> [The task]:
Output the whole listing exactly, with no pictures.

> [Data extract]:
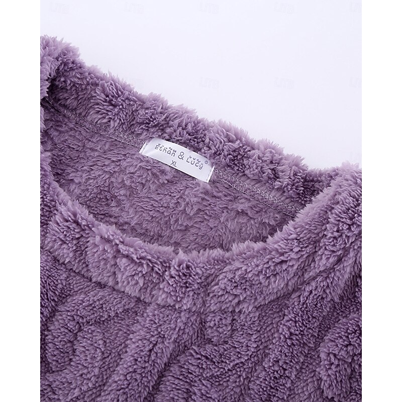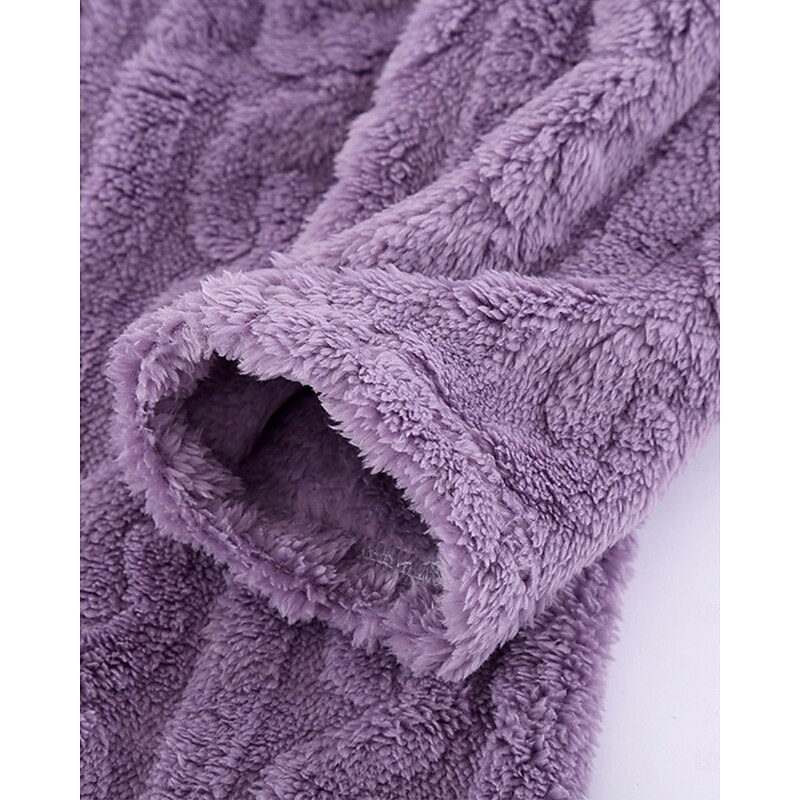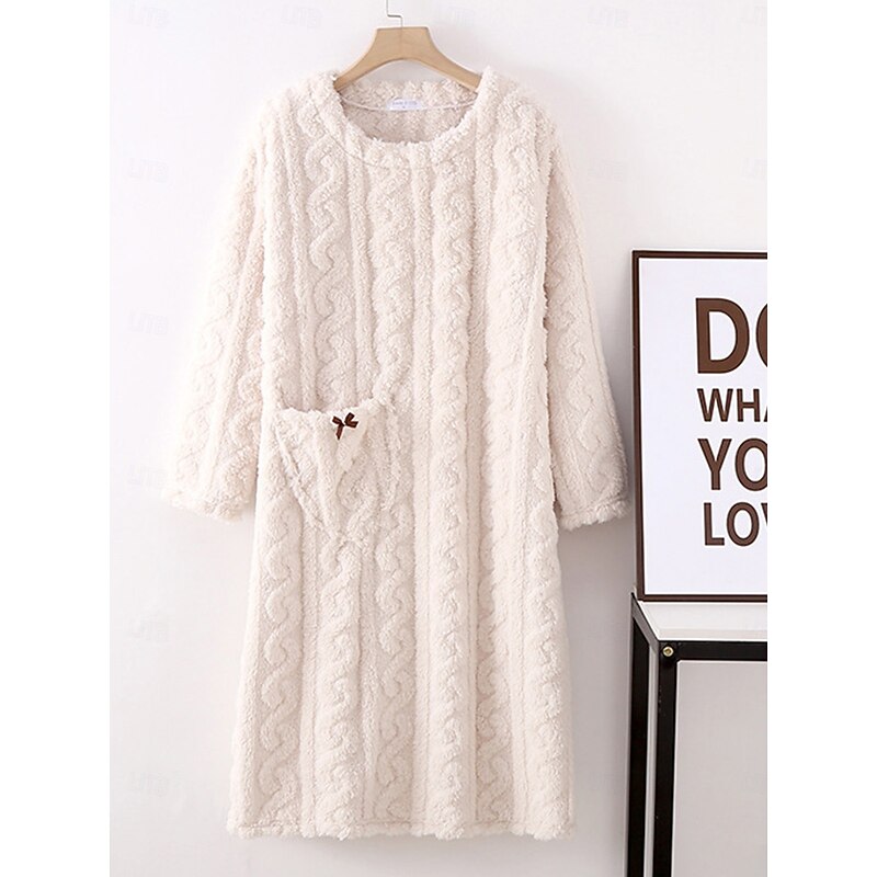 Highlights [Fabric] : Crafted from plush, high-quality fleece, this women's nightgown provides exceptional warmth and comfort, making it the perfect choice for cooler spring and fall evenings. The stretchy material ensures a snug yet flexible fit, embracing you in cozy softness. [Fit] : With its relaxed fit, this nightgown is designed for comfort. The long sleeves and crew neck enhance its cozy appeal, providing ample coverage for a restful night's sleep or a comfortable day at home. [Design Highlights] : Featuring a charming cable-knit pattern throughout, this nightgown exudes a subtle style. The addition of a practical front pocket, finished with a delicate bow, introduces a cute and functional element, while the soft lavender color adds a calming and soothing vibe. [Occasions] : Ideal for home wear, this nightgown suits a variety of occasions, from relaxing evenings to peaceful mornings. Its simple and comforting style makes it a versatile addition to any home outfit collection, ensuring you stay cozy and sophisticated. [Size] : Available in M, L, and XL, this nightgown caters to a range of body types, ensuring everyone can enjoy its luxurious comfort. Choose your size for the perfect fit and wrap yourself in warmth and style. Perfect for everyday use. finest materials and excellent craftsmanship ensure long-lasting durability.
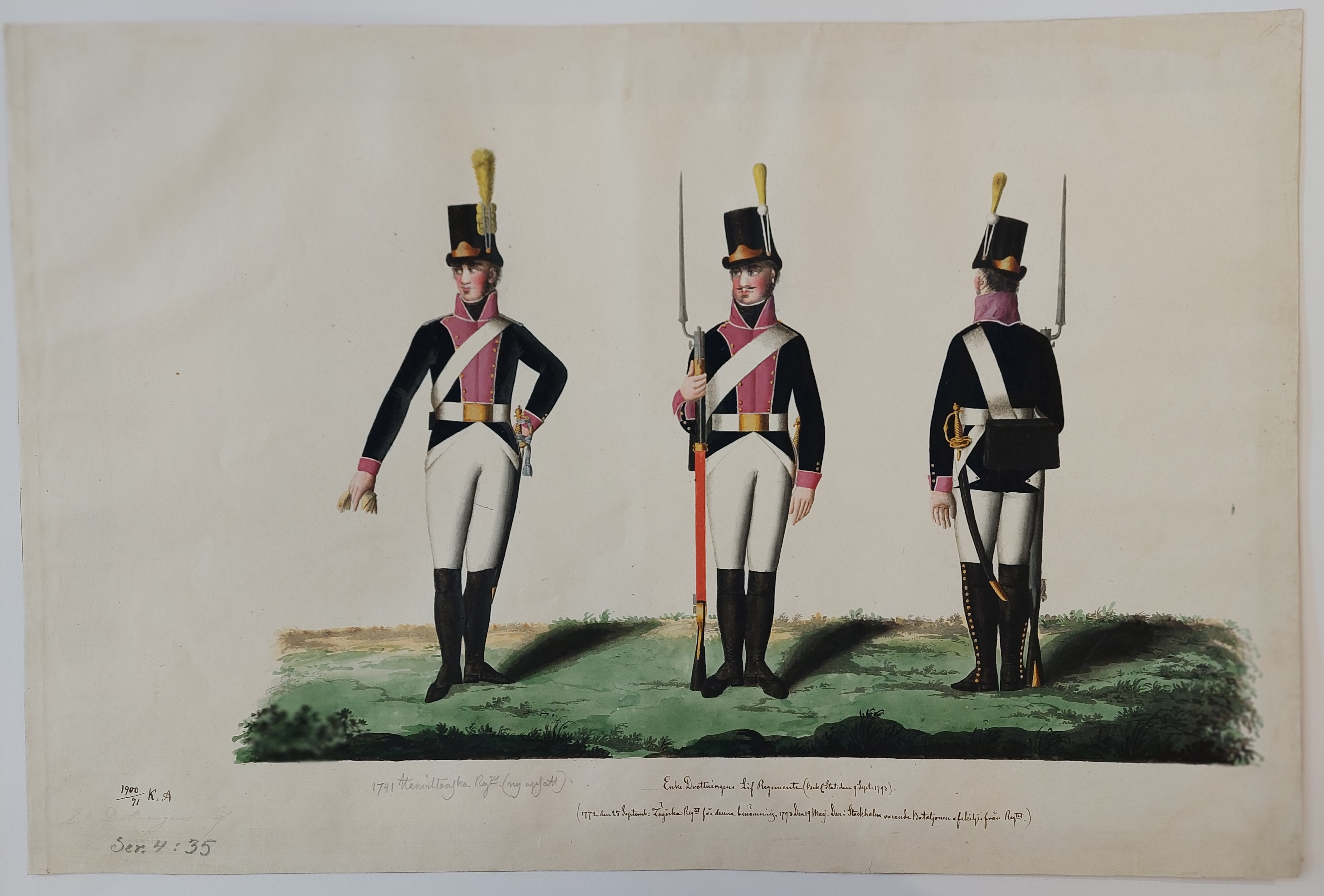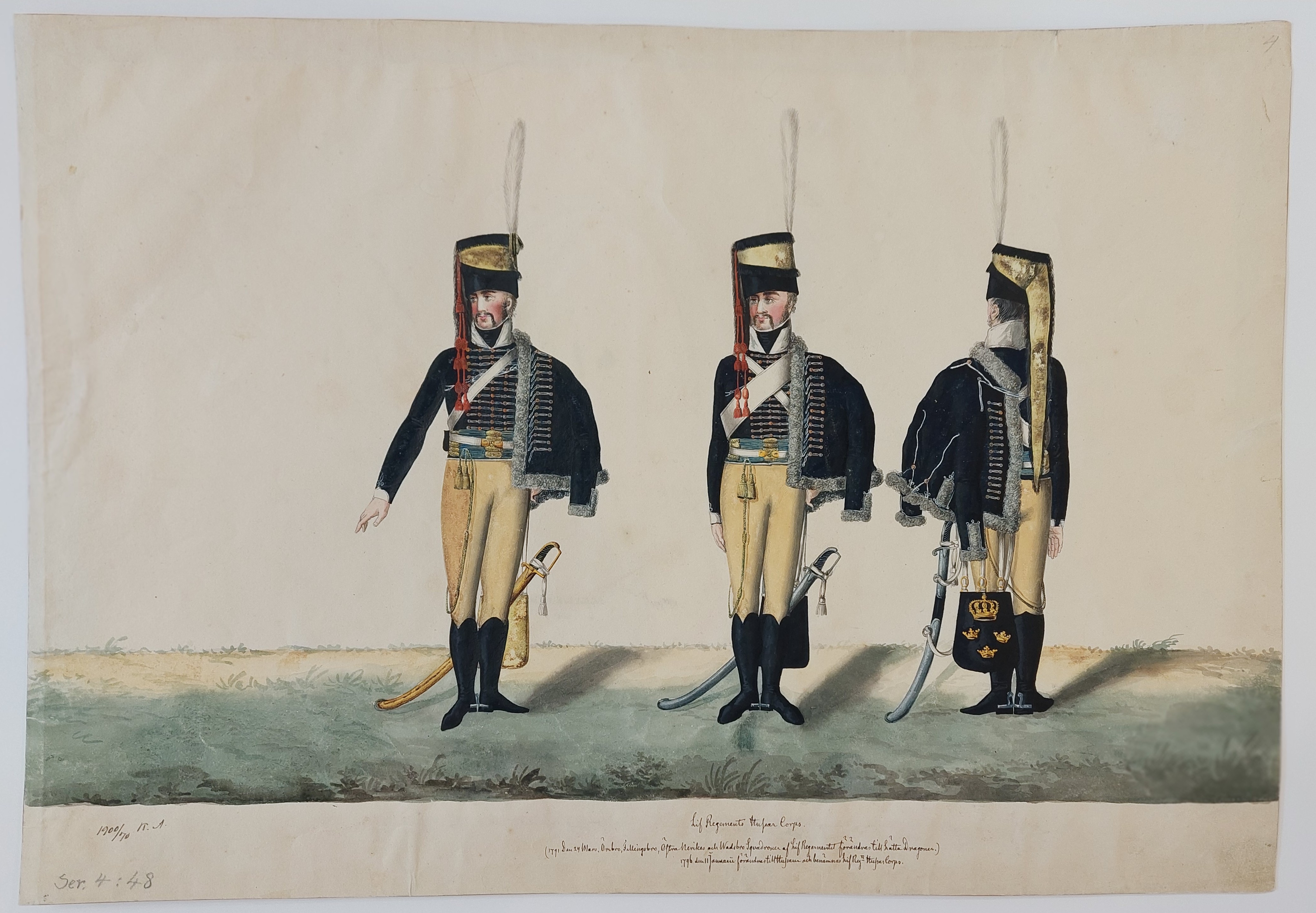 är de identiska med Runges bilder på Svea livgarde. Hattplymernas färger
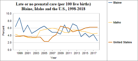 Late prenatal care is the care received starting in the third trimester of pregnancy. This indicator measures live births to mothers receiving no prenatal care in the first and second trimesters. The indicator is calculated by dividing the number of women who receive late or no prenatal care by the number of live births. We multiply the result by 100. In counties with relatively few people, a small number of women who receive late or no prenatal care may have a significant effect on percents from year to year.
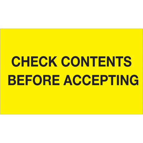 3 x 5" - "Check Contents Before Accepting" (Fluorescent Yellow) Labels

> [Response to the exercise]:
 Highlights [Fabric] : Crafted from plush, high-quality fleece, this women's nightgown provides exceptional warmth and comfort, making it the perfect choice for cooler spring and fall evenings. The stretchy material ensures a snug yet flexible fit, embracing you in cozy softness. [Fit] : With its relaxed fit, this nightgown is designed for comfort. The long sleeves and crew neck enhance its cozy appeal, providing ample coverage for a restful night's sleep or a comfortable day at home. [Design Highlights] : Featuring a charming cable-knit pattern throughout, this nightgown exudes a subtle style. The addition of a practical front pocket, finished with a delicate bow, introduces a cute and functional element, while the soft lavender color adds a calming and soothing vibe. [Occasions] : Ideal for home wear, this nightgown suits a variety of occasions, from relaxing evenings to peaceful mornings. Its simple and comforting style makes it a versatile addition to any home outfit collection, ensuring you stay cozy and sophisticated. [Size] : Available in M, L, and XL, this nightgown caters to a range of body types, ensuring everyone can enjoy its luxurious comfort. Choose your size for the perfect fit and wrap yourself in warmth and style. Perfect for everyday use. finest materials and excellent craftsmanship ensure long-lasting durability.
 är de identiska med Runges bilder på Svea livgarde. Hattplymernas färger
 Late prenatal care is the care received starting in the third trimester of pregnancy. This indicator measures live births to mothers receiving no prenatal care in the first and second trimesters. The indicator is calculated by dividing the number of women who receive late or no prenatal care by the number of live births. We multiply the result by 100. In counties with relatively few people, a small number of women who receive late or no prenatal care may have a significant effect on percents from year to year.
 3 x 5" - "Check Contents Before Accepting" (Fluorescent Yellow) Labels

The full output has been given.